The role of ceremony in our lives
Moving from one stage of life to another, consciously.originally posted on Alora Auntie Substack on Sept 9, 2022
Let’s talk about ceremony.
It’s the first big post I want to make after I announce I’m writing about parenting for spiritual people. Why?
Ceremonies mark the rhythm of our lives.
Birth, changes in age, special moments.
But ceremonies also help us process so that we can move from one stage of life to another consciously.
This is the framework I want to use to talk about ceremony. Not just a celebration or a special event to say “you did it” but a passage that says “you may now release the past and move forward”.
Ceremonies help uncover hidden strengths.
They process grief.
They reveal gifts.
Each ceremony - at its time - creates a sacred container where transformation and shift can happen.
It’s not not a party, it’s a process.
Where are these processes in our modern lives?

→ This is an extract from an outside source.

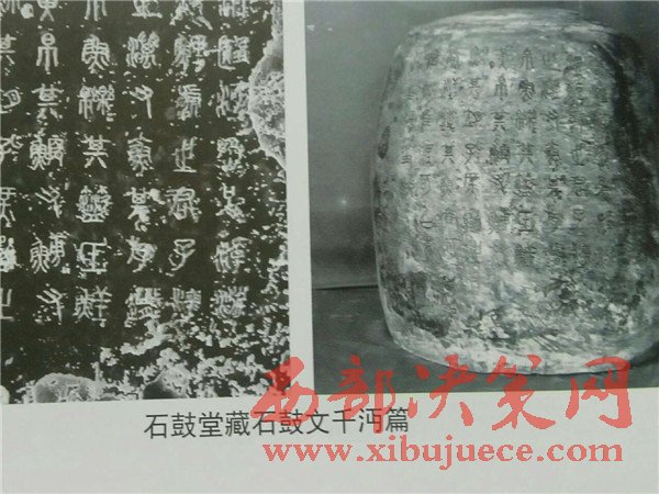 曹老早在40多年前就潛心鉆研石鼓。唐627年,陜西寶雞岐山北坡的荒郊首次發(fā)現(xiàn)石鼓。此地曾是秦朝舊地。共十枚,髙約2尺,徑約3尺,分別刻有大篆四言詩一首,共十首,計(jì)718字。定名:車工、千沔、田車、鑾車、霝雨、乍原、吳人、而師、馬薦、吾水。內(nèi)容最早被認(rèn)為是記敘周宣王出獵的場面,后有專家論證為秦時(shí)記敘游獵的遺物,故稱“獵碣”。

The other day my Guides were sharing with a client that the client has to do the work in order to facilitate their own breakthrough. No one else can bring them to breakthrough. Like a movie where the young teen wants something and the wise one says “first, you must build a wall here in this field made of stone” and the teen looks around “there are no stones here” and the wise one says “go gather some”, the teen embarks on a journey that spans a summer of anger, frustration, tears, joy, coming together, community…
…by the time the wall is built the teen is a new person - one who knows themselves - and from these new eyes they are able to fully see, grasp, and allow fully and well the thing they wanted all along.

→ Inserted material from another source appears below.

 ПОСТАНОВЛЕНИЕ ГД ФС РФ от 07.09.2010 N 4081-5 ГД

Or maybe what they want changes.
The point is, the wall is not the point.
It is the journey of building the little stone wall that stretched the field that made the difference to this life.
To take this into a ceremonial context (no long wall-building needed) I was often asked by my shima to bring things to ceremony. Or, often, I was building things in ceremonies that were days long. We sat in circles and crafted our own tools for the ceremony. We went on hikes to gather and dry the sage. We sat in silence under a tree by ourselves dreaming up the symbol for what we needed.
We went on a journey.
The journey was the way to the realization.

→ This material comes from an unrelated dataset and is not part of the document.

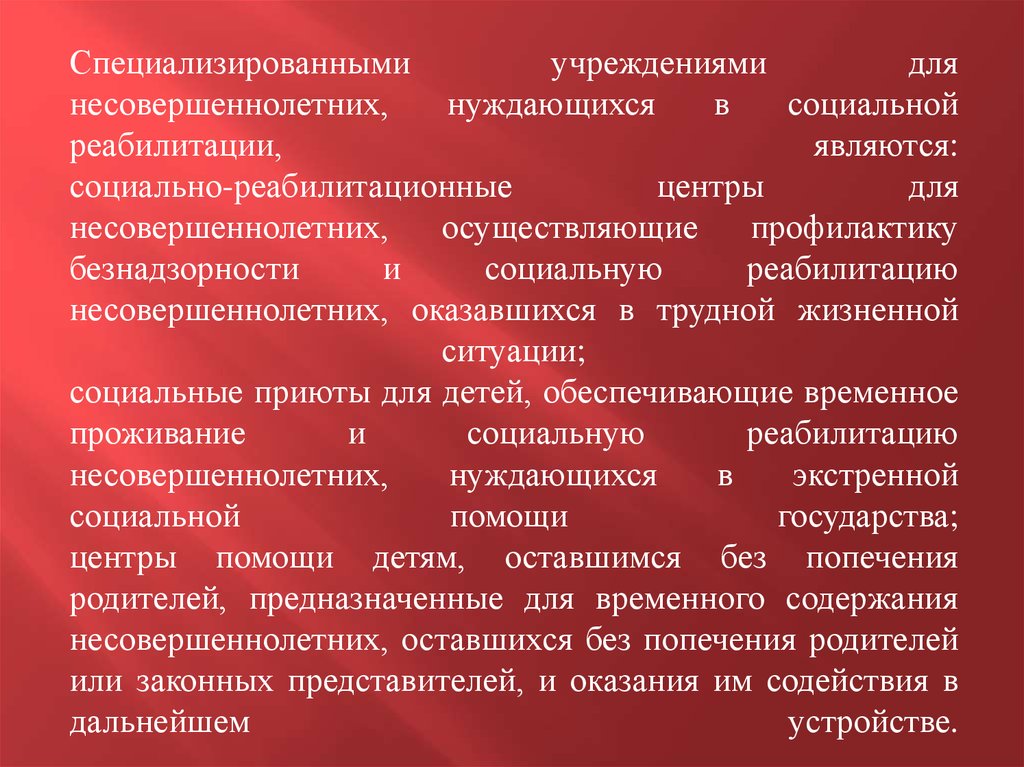 социальные и медико-психологические центры.

The realization was the celebration.
You don’t have to make things for every ceremony, but you do need to bring something, even if it’s just yourself, to a ceremony that facilitates and honors and celebrates the cycles. A circle of women dreaming together in guided journey is a journey. A walk-about in spirit followed by the gathering and the sharing and then, the celebration.
Where are these in our children’s lives?
Where are these in our lives?
In modern day ceremonies in the West much of the teaching is left out. “Stand here. Sit here. Walk here. Then it’s over and we go out to eat.” This is high school graduation. Where is the journey of consciousness? How many wide-eyed teens are left after, blinking, thinking, “That was it? Now I’m equipped to start an adult life?”
But to have a ceremony of shift requires personalization. Each student bringing something they made. Each student going on a meditation that brings them insight. Each student having a journey in ceremony that brings them more up to speed with who they are now, while helping them let go of what they no longer need.
Each student finds themselves - even a little bit more - in the process.
This can happen in large groups (there are large ceremonies) that are experiential. They are designed to facilitate shift too, in the way that they do.
If I sound like I am waxing on poetic about ceremony let me step back a moment and say that not every ceremony held is fantastic, helpful, needed, or wanted. The quality of the ceremony depends on the quality - and timing - and wisdom - of the ceremonial leader and much, much more.
Yet I do want to point out that if you look back on your life and realize that you never had any process points, you might realize a bit of why you are stuck in old hurts, feeling like a child trying to pretend to be an adult.
Feeling lost, unprepared, or ill-equipped creates systemic relationship and personal chasms.
Look at your children or the children around you and ask: what are we doing as parents and aunties to help these children grow up through their cycles with process and meaning? How much of this meaning are they discovering for themselves? How much meaning is being put on them, told to them, or assumed by them that has no resonance with who they are?
And how can we help them better through the changes, the cycles, and the process of life?